> Aim of the task
Wherever a picture sits, omit it. Output the rest of the listing exactly.

> Exercise data
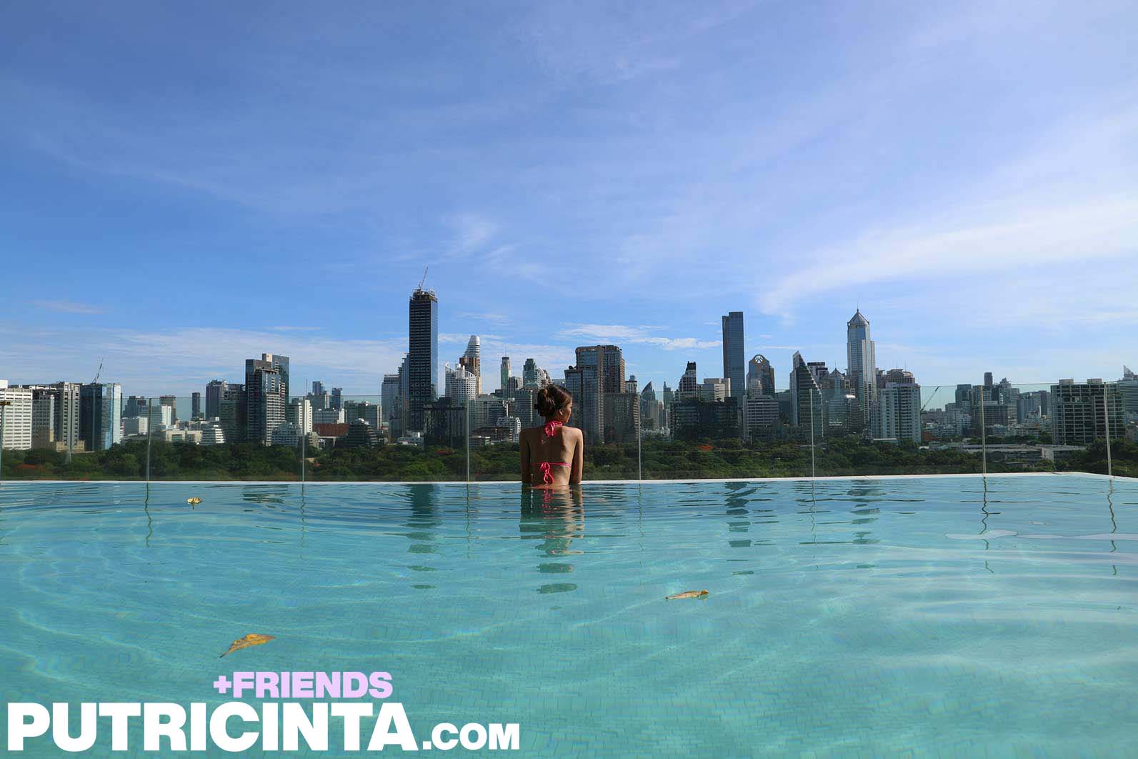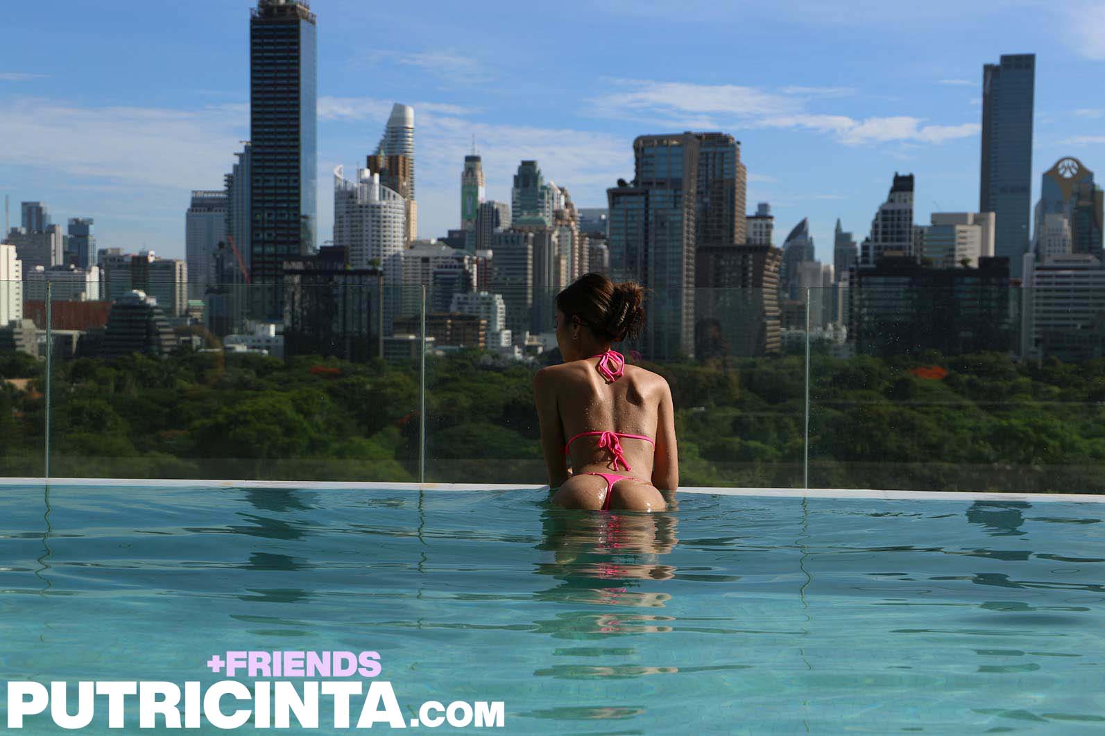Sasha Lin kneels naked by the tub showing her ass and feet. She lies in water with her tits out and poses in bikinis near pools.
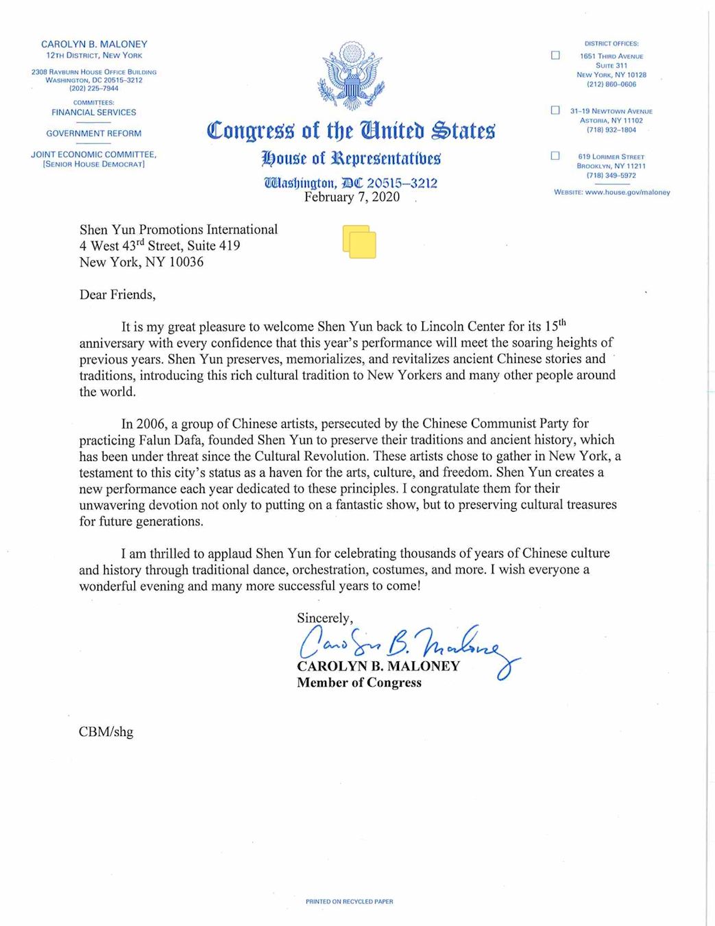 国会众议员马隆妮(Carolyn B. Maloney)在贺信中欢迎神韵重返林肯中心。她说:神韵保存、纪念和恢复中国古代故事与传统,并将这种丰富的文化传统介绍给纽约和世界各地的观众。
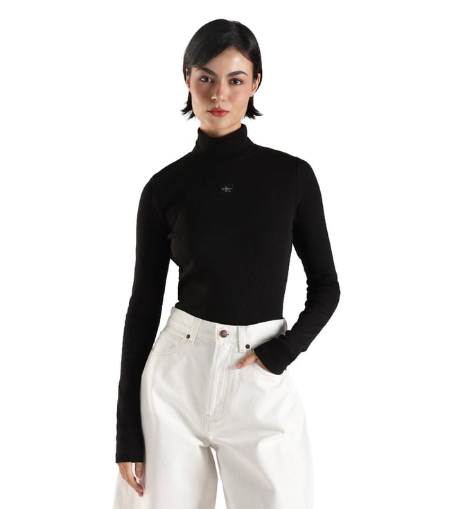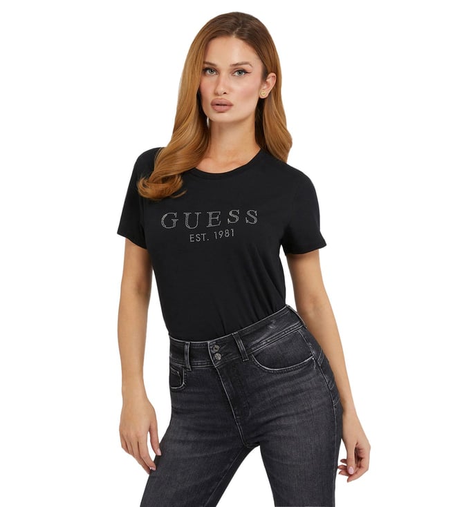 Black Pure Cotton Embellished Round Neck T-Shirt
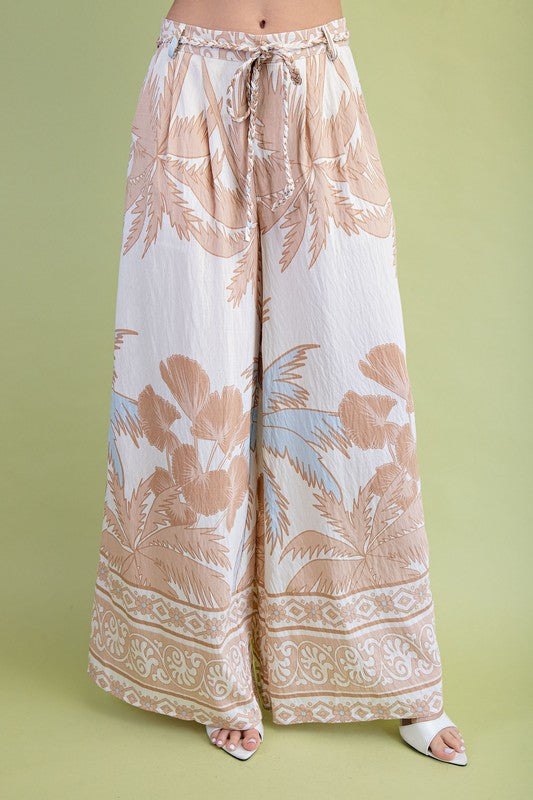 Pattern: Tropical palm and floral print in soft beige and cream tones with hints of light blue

> Answer section
Sasha Lin kneels naked by the tub showing her ass and feet. She lies in water with her tits out and poses in bikinis near pools.
 国会众议员马隆妮(Carolyn B. Maloney)在贺信中欢迎神韵重返林肯中心。她说:神韵保存、纪念和恢复中国古代故事与传统,并将这种丰富的文化传统介绍给纽约和世界各地的观众。
 Black Pure Cotton Embellished Round Neck T-Shirt
 Pattern: Tropical palm and floral print in soft beige and cream tones with hints of light blue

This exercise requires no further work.